Come segnalare lo spam a Google

Tempo stimato di lettura: 6 minuti, 59 secondi
Pubblicato il 14 Maggio 2013

Il tuo sito è penalizzato? Non riesci ad uscire fuori nei risultati di Google come ti aspetteresti? Sei più lontano dalla prima pagina di quanto non fosse Frodo dal Monte Fato all’inizio de “Il signore degli anelli”? Potresti essere stato spammato a tua insaputa, ed in questo articolo vedremo come sia possibile accorgersi della cosa e prendere eventuali provvedimenti.

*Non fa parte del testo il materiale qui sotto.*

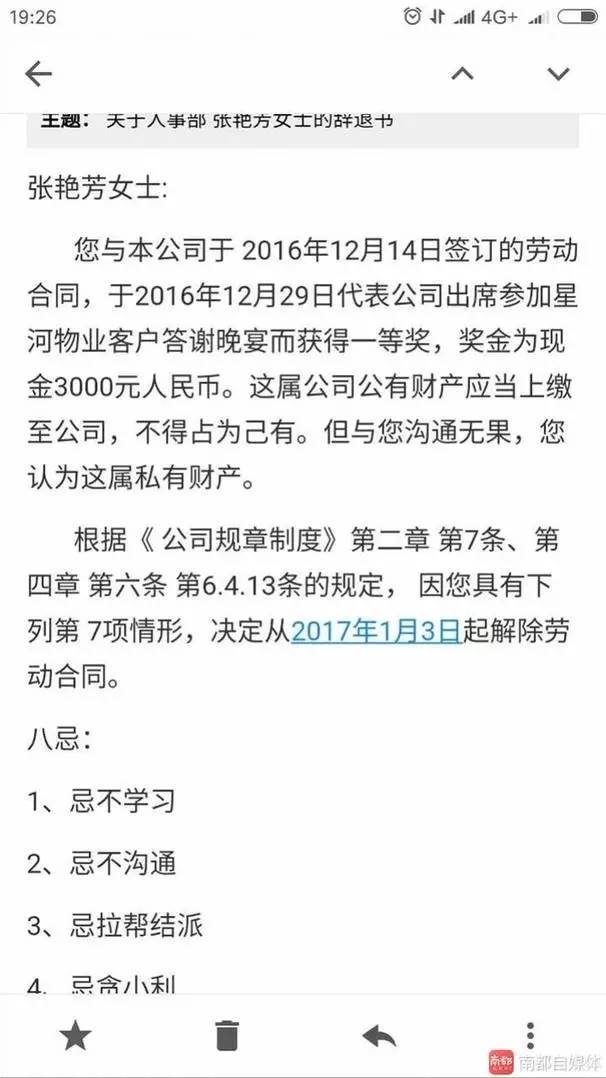 1月3日,博奧特公司行政部給張艷芳發(fā)了一封辭退郵件。郵件里稱,參加答謝會(huì)而獲得的一等獎(jiǎng)3000元屬于公司公有財(cái)產(chǎn),應(yīng)該上繳,不得占為己有。

Da piccoli usavano ripeterci che fare la spia non è bello: e questo, certamente, si potrebbe riflettere anche nelle nostre comuni attività lavorative. Del resto “non fare agli altri ciò che non vorresti facessero a te” rimane una massima applicabile un po’ in tutti i contesti della nostra vita, al fine di vivere, nei limiti del possibile, in modo sereno e quanto più possibile coerente. Eppure molte persone non sono a conoscenza di questo livello di correttezza, e – come accade nella vita reale – molto spesso operano “tarocchi” di vario genere per avere dei vantaggi alle nostre spalle. In queste situazioni, rifendoci all’ambito SEO, è d’obbligo preventivare un qualche tipo di reazione, che non si riduca al consueto “lavorare comunque a testa bassa”: in questo articolo, dunque, vorrei mettere in chiaro tutte le possibili azioni che sono ammesse per segnalare a Google le eventuali anomalie che ci capita di vedere, spesso impotenti, durante le nostre attività quotidiane.

Cosa (e quando) segnalare?

C’è  da fare una piccola premessa: bisognerebbe segnalare soltanto su fondato sospetto (ad esempio report di SEOPanel) di aver subito un danno, in termini di ranking, sul proprio sito. Possiamo vedere la lista aggiornata dei backlink in ingresso al nostro sito mediante il Webmaster Tools, ed utilizzare Google per sfogliare i risultati e renderci conto di quello che eventualmente non va. Una tecnica che utilizzo usualmente, ad esempio, consiste nel cercare la stessa chiave su più di un motore di ricerca: mi è capitato, ad esempio, di apparire in prima pagina per una stessa ricerca “X” su Bing e non su Google, e questo mi ha fatto sospettare – con un certo grado di probabilità, s’intende – che potessi aver subito una qualche penalizzazione da quest’ultimo.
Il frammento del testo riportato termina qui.